━━ INPUT DATA

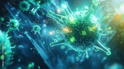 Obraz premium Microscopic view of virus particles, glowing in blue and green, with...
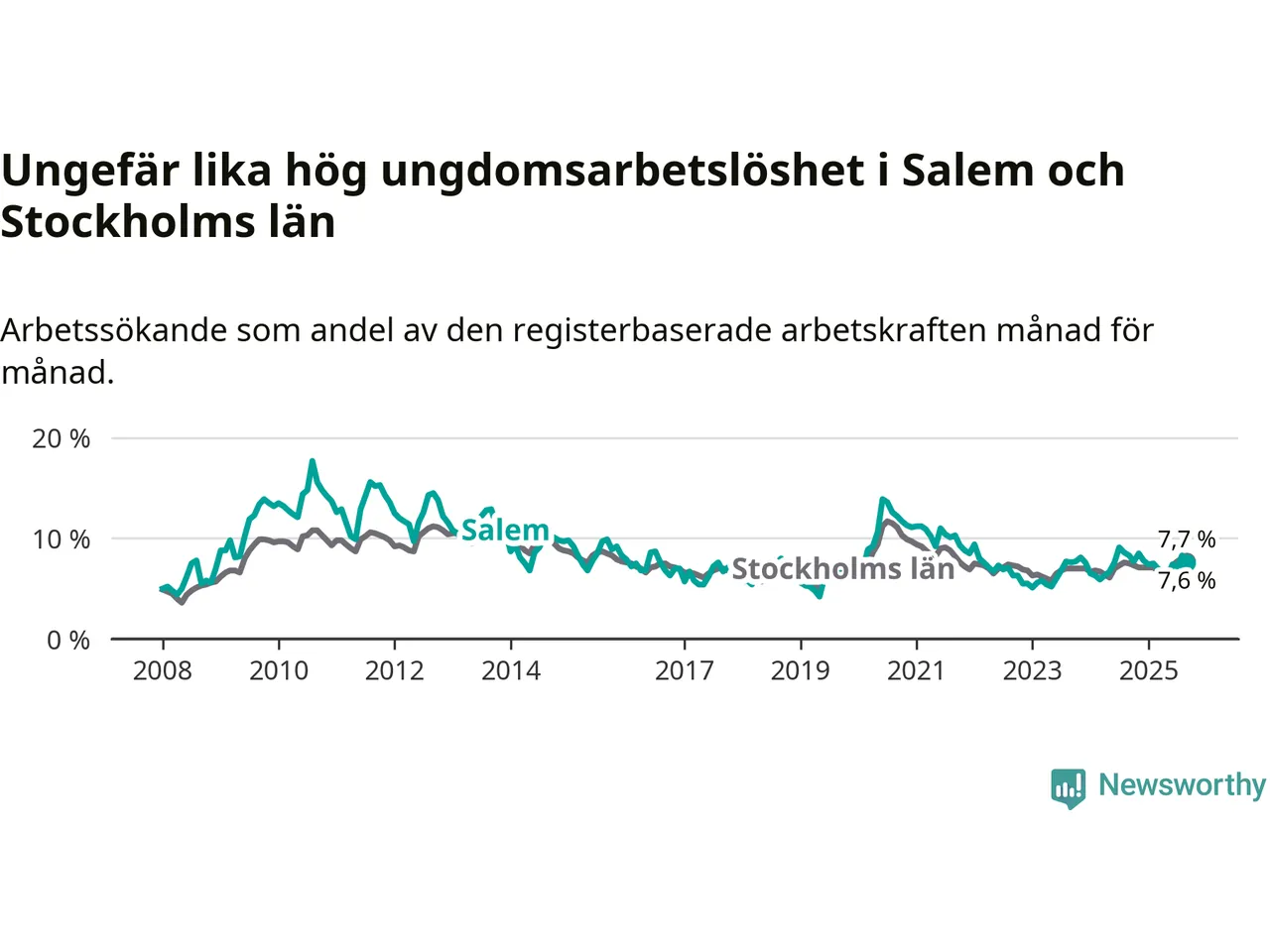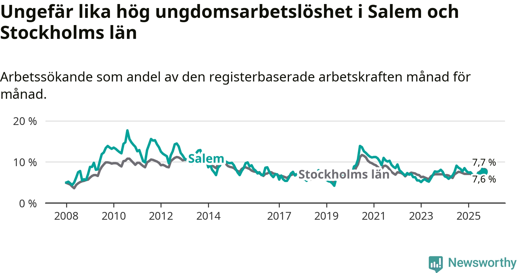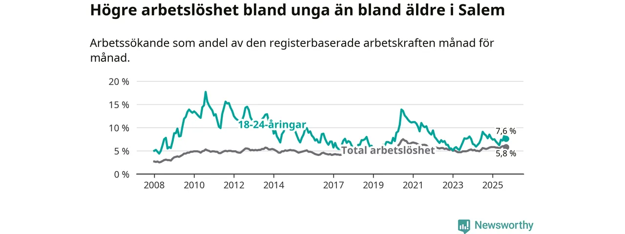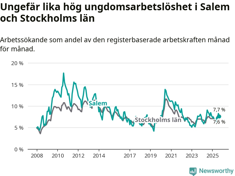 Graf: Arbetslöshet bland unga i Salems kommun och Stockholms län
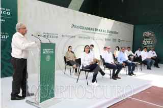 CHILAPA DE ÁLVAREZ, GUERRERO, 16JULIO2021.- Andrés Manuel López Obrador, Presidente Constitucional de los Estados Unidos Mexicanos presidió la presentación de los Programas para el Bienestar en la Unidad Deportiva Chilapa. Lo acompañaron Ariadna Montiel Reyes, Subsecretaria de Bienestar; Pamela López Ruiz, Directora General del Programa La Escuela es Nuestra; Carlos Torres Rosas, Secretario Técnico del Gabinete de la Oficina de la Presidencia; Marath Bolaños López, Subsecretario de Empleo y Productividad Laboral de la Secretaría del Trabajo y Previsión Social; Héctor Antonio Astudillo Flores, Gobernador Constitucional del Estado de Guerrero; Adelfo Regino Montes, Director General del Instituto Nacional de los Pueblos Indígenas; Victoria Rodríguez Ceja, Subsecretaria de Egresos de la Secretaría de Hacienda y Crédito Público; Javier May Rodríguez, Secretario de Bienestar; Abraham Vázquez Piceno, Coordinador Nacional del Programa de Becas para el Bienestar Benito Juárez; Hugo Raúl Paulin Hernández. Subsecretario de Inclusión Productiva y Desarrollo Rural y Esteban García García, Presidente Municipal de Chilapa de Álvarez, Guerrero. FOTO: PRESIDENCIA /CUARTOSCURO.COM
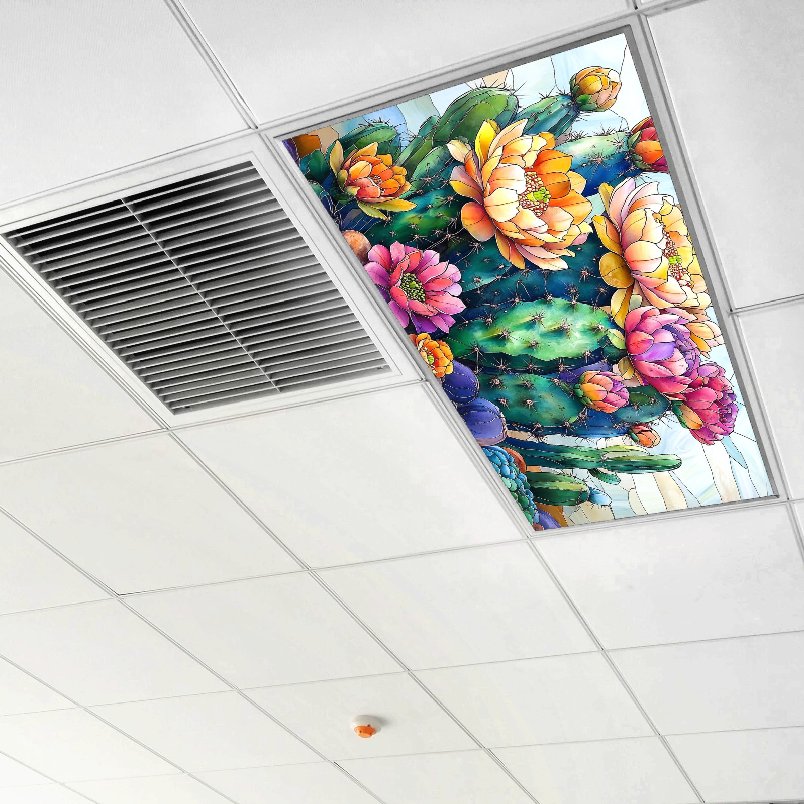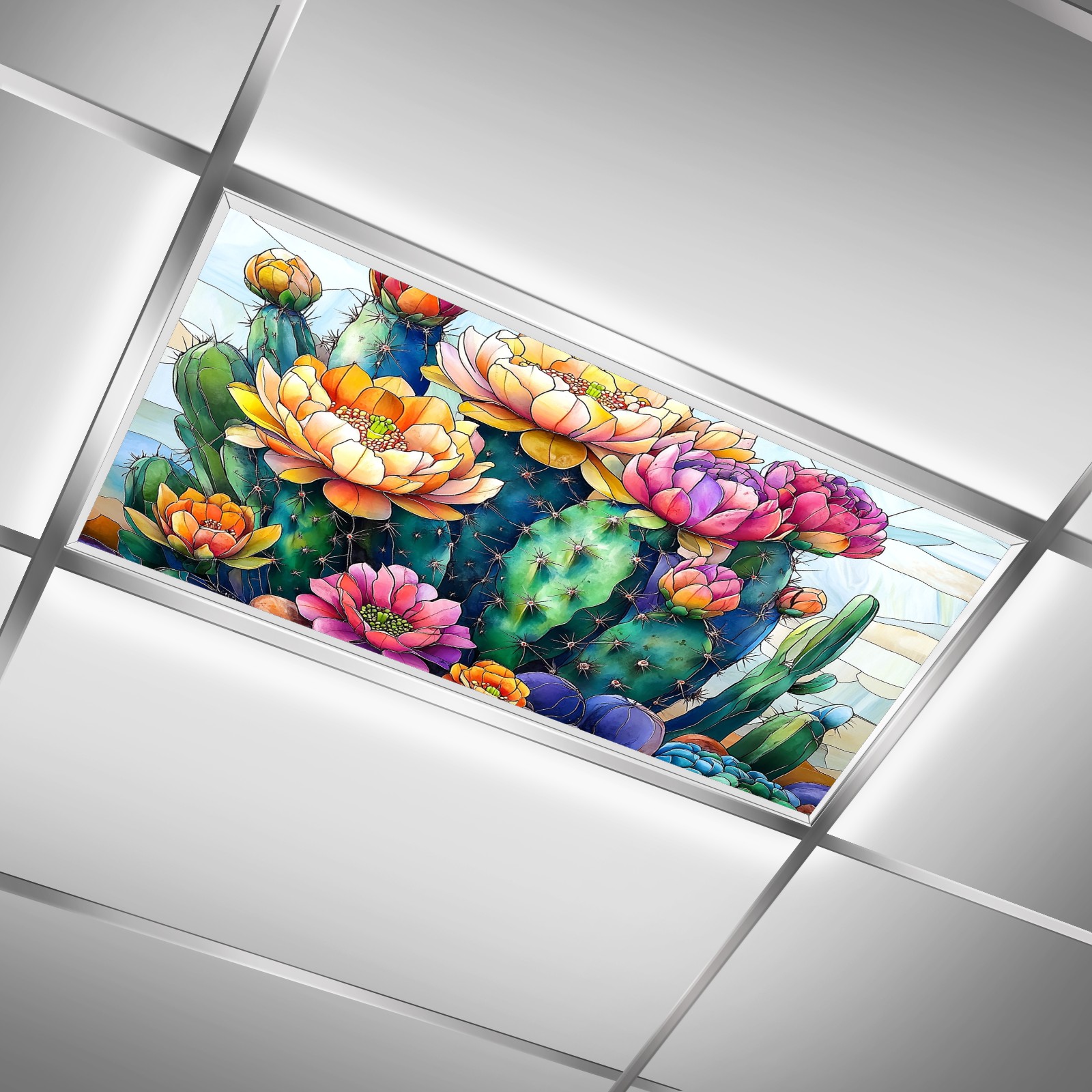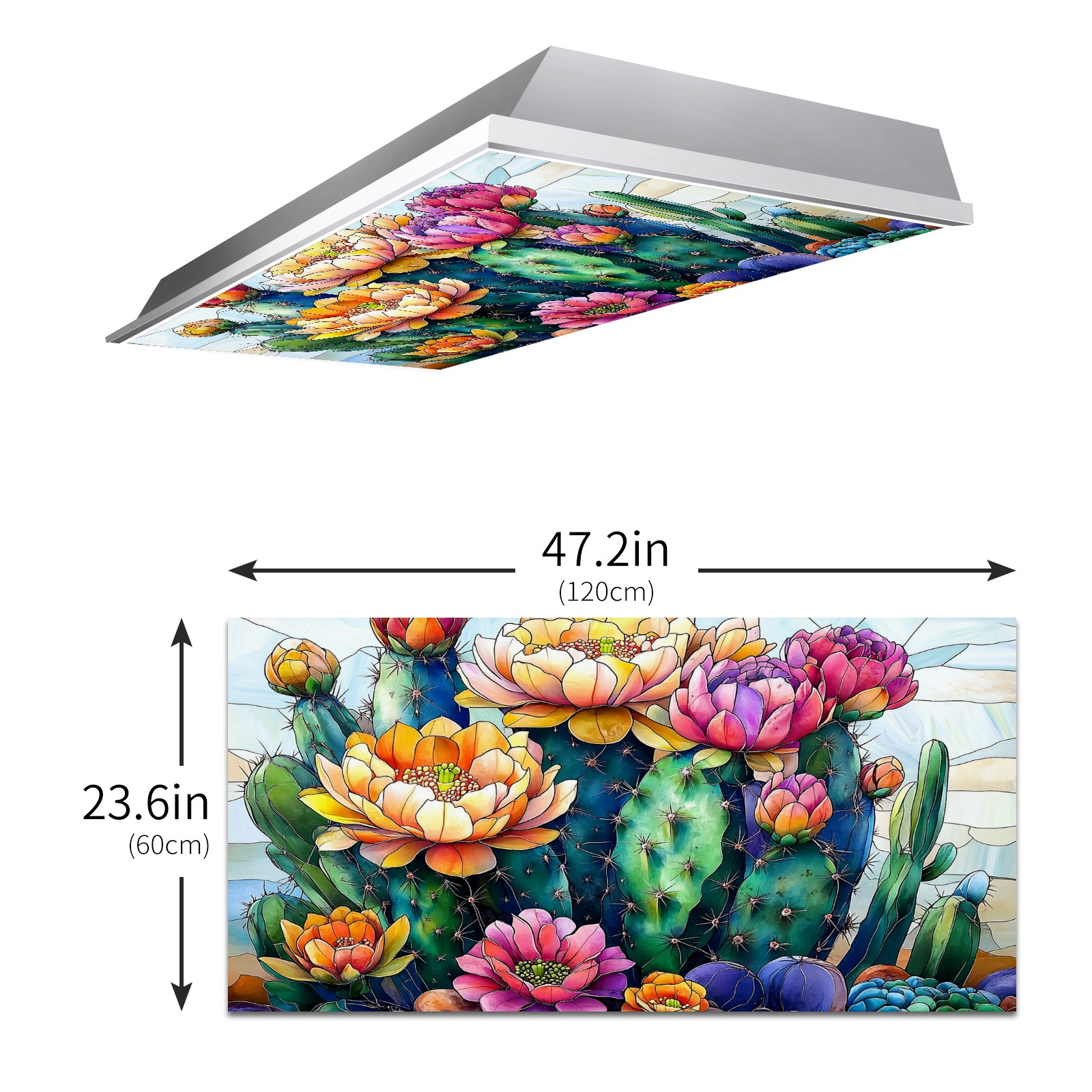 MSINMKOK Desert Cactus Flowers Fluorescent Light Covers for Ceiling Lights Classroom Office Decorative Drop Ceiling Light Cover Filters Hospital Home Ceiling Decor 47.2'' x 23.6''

━━━━

WORK TO COMPLETE: All of the lines above must be printed again exactly, and no picture may appear in the copy.

ANSWER SPACE:
 Obraz premium Microscopic view of virus particles, glowing in blue and green, with...
 Graf: Arbetslöshet bland unga i Salems kommun och Stockholms län
 CHILAPA DE ÁLVAREZ, GUERRERO, 16JULIO2021.- Andrés Manuel López Obrador, Presidente Constitucional de los Estados Unidos Mexicanos presidió la presentación de los Programas para el Bienestar en la Unidad Deportiva Chilapa. Lo acompañaron Ariadna Montiel Reyes, Subsecretaria de Bienestar; Pamela López Ruiz, Directora General del Programa La Escuela es Nuestra; Carlos Torres Rosas, Secretario Técnico del Gabinete de la Oficina de la Presidencia; Marath Bolaños López, Subsecretario de Empleo y Productividad Laboral de la Secretaría del Trabajo y Previsión Social; Héctor Antonio Astudillo Flores, Gobernador Constitucional del Estado de Guerrero; Adelfo Regino Montes, Director General del Instituto Nacional de los Pueblos Indígenas; Victoria Rodríguez Ceja, Subsecretaria de Egresos de la Secretaría de Hacienda y Crédito Público; Javier May Rodríguez, Secretario de Bienestar; Abraham Vázquez Piceno, Coordinador Nacional del Programa de Becas para el Bienestar Benito Juárez; Hugo Raúl Paulin Hernández. Subsecretario de Inclusión Productiva y Desarrollo Rural y Esteban García García, Presidente Municipal de Chilapa de Álvarez, Guerrero. FOTO: PRESIDENCIA /CUARTOSCURO.COM
 MSINMKOK Desert Cactus Flowers Fluorescent Light Covers for Ceiling Lights Classroom Office Decorative Drop Ceiling Light Cover Filters Hospital Home Ceiling Decor 47.2'' x 23.6''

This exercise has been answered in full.